Happiness Project

Project Outline:

Requirements

Presentation

Topic: World Happiness Report 2021

Reason why we selected our topic:
Our team explored various data sets such as Olympic data, Zillow housing data, NBA player statistics and the World Happiness data.

As we chatted about what insights we could gain from the analysis we decided the features and information available within the World Happiness data was what we wanted to explore.

Description of source data: The World Happiness Report 2021 focuses on how people all over the world have coped with the effects of COVID-19. The data set has two focuses, first the effects of COVID-19 on the structure and quality of people’s lives, and second to describe and evaluate how governments all over the world have dealt with the pandemic. The purpose of the data is to help to try and explain why some countries have done better than others.

Questions they hope to answer with the data: By applying the most advanced techniques of Machine Learning, it would be possible to define the most important factors and measure quantitatively their contribution to one’s happiness.

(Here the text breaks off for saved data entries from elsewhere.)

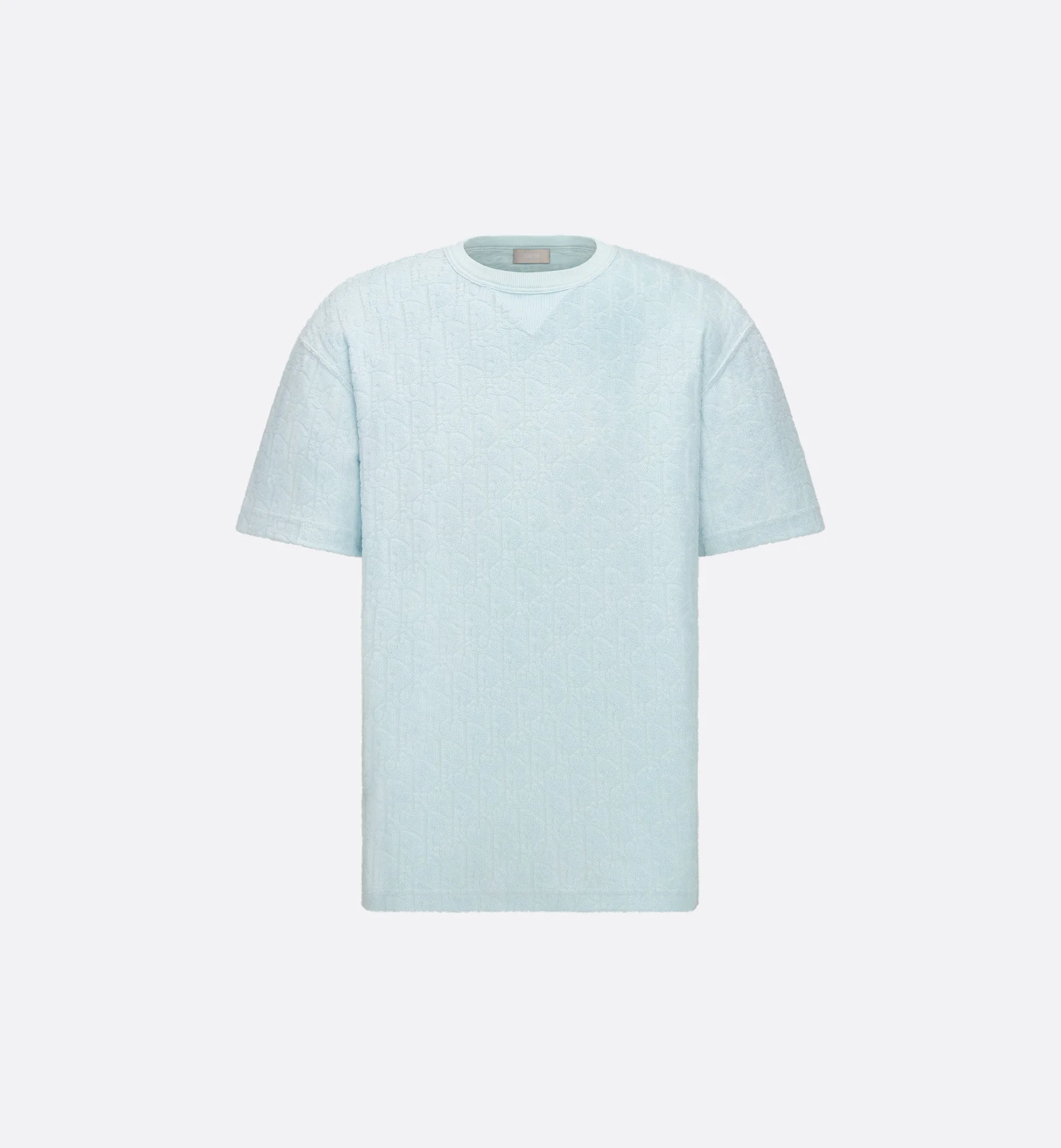 The blue terry cotton T-shirt pays tribute to the hallmark Dior Oblique motif with a tonal jacquard. The ribbed crew neck has a V shape for a casual effect. The relaxed-fit T-shirt may be paired with jeans or track pants for an elevated look. - Tonal allover Dior Oblique jacquard motif - Ribbed crew neck with V - 100% cotton - Made in Italy Size & Fit - Relaxed fit - The style fits large, we recommend ordering a size smaller than your normal size - Size XXS: shoulder-to-shoulder width: 48 cm / 19 inches, chest size: 100 cm / 39.5 inches, outside and inside sleeve lengths: 20 and 12 cm / 8 and 4.5 inches, garment length: 69 cm / 27 inches - Size XS: shoulder-to-shoulder width: 49 cm / 19.5 inches, chest size: 104 cm / 41 inches, outside and inside sleeve lengths: 21 and 12 cm / 8.5 and 4.5 inches, garment length: 71 cm / 28 inches - Size S: shoulder-to-shoulder width: 49 cm / 19.5 inches, chest size: 108 cm / 42.5 inches, outside and inside sleeve lengths: 22 and 12.5 cm / 8.5 and 5 inches, garment length: 71 cm / 28 inches - Size M: shoulder-to-shoulder width: 51 cm / 20 inches, chest size: 112 cm / 44 inches, outside and inside sleeve lengths: 22 and 12.5 cm / 8.5 and 5 inches, garment length: 72 cm / 28.5 inches - Size L: shoulder-to-shoulder width: 52 cm / 20.5 inches, chest size: 118 cm / 46.5 inches, outside and inside sleeve lengths: 23 and 13 cm / 9 and 5 inches, garment length: 74 cm / 29 inches - Size XL: shoulder-to-shoulder width: 54 cm / 21.5 inches, chest size: 122 cm / 48 inches, outside and inside sleeve lengths: 23 and 13 cm / 9 and 5 inches, garment length: 74 cm / 29 inches - Size XXL: shoulder-to-shoulder width: 54 cm / 21.5 inches, chest size: 126 cm / 49.5 inches, outside and inside sleeve lengths: 25 and 13 cm / 10 and 5 inches, garment length: 74 cm / 29 inches - Size 3XL: shoulder-to-shoulder width: 56 cm / 22 inches, chest size: 130 cm / 51 inches, outside and inside sleeve lengths: 24 and 13 cm / 9.5 and 5 inches, garment length: 74 cm / 29 inches - Each measurement may have a normal variation of 2 cm / 0.75 inch - The model measures 189 cm / 74.5 inches and the item shown is in size M (FR) - Using our personalized tool will provide you with the best size recommendation - For more information, please review the size guide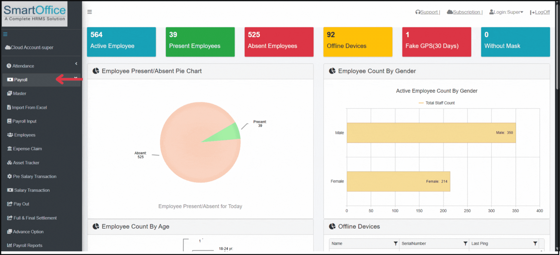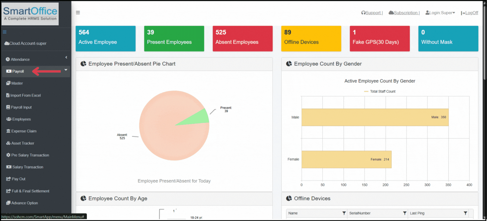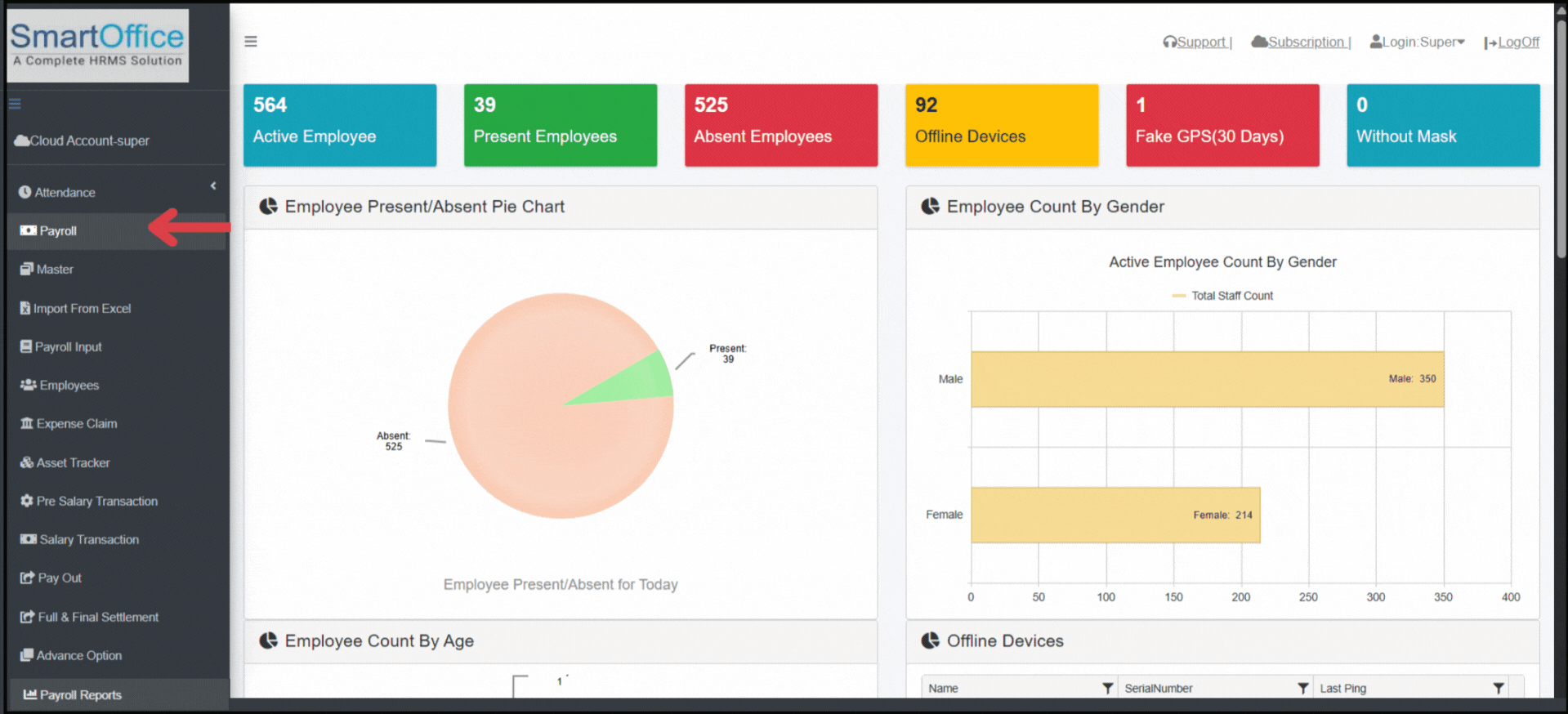 a. Total Employee Count: Displays total employees based on filters like Department, Branch, Team, and Grade.
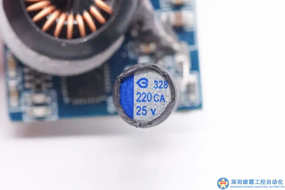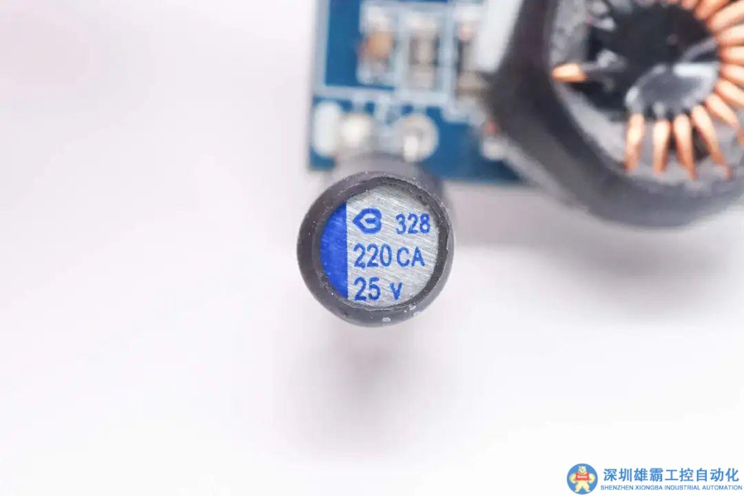 輸出濾波電容來自綠寶石,規(guī)格為220μF 25V,外套熱縮管絕緣。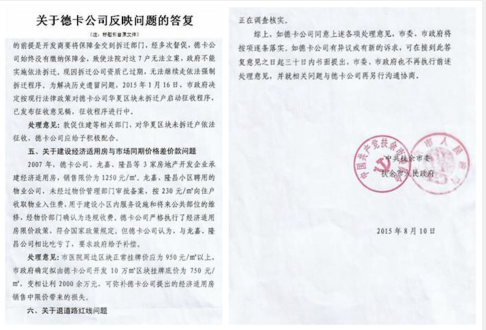 政府一方的说法立即招致德卡公司的强力反驳:为什么被上诉人矢口否认?因为此文件批的内容根本没有“经济适用房”字样。但是,被上诉人在二审提供的《扶余县发展和改革局文件》扶发改发【2010】73号关于隆昌花园却有“经济适用房”字样,我们怀疑这份文件是为了应对这次诉讼在开庭前伪造的,用这个带有“经济适用房”字样的所谓文件,应付德卡公司,以便证明给德卡限价是正确的,不用补偿(详见一审德卡公司提供的证据:由政府提交人大通过的扶人常发【2007】5号文件)。政府一方提交的证据证明:隆昌家园棚户区改造占地面积是99418平方米,扶人常发【2007】5号文件在2007年3月30日通过;但被上诉人二审提交的扶发改发【2010】73号关于隆昌花园占地面积同样是99418平米,却有“经济适用房”字样(见贴图1、2),可他们卖的价格每平方米是3000多元,又说庭后向法庭提交相关证据德卡公司害怕:难道又想造假?)……(很显然,政府提交的所谓文件前后矛盾,肯定有假。

Our team is hoping to apply advanced techniques with Machine Learning to define the most important factors to measure and compare and enhance countries happiness scores.

We are also looking into other measures not explored in the happiness dataset to see what kind of correlation other factors might have with the happiness data.

Description of the data exploration phase of the project: We took several different data sets that reported their data by country and loaded them each into their own postgres SQL table.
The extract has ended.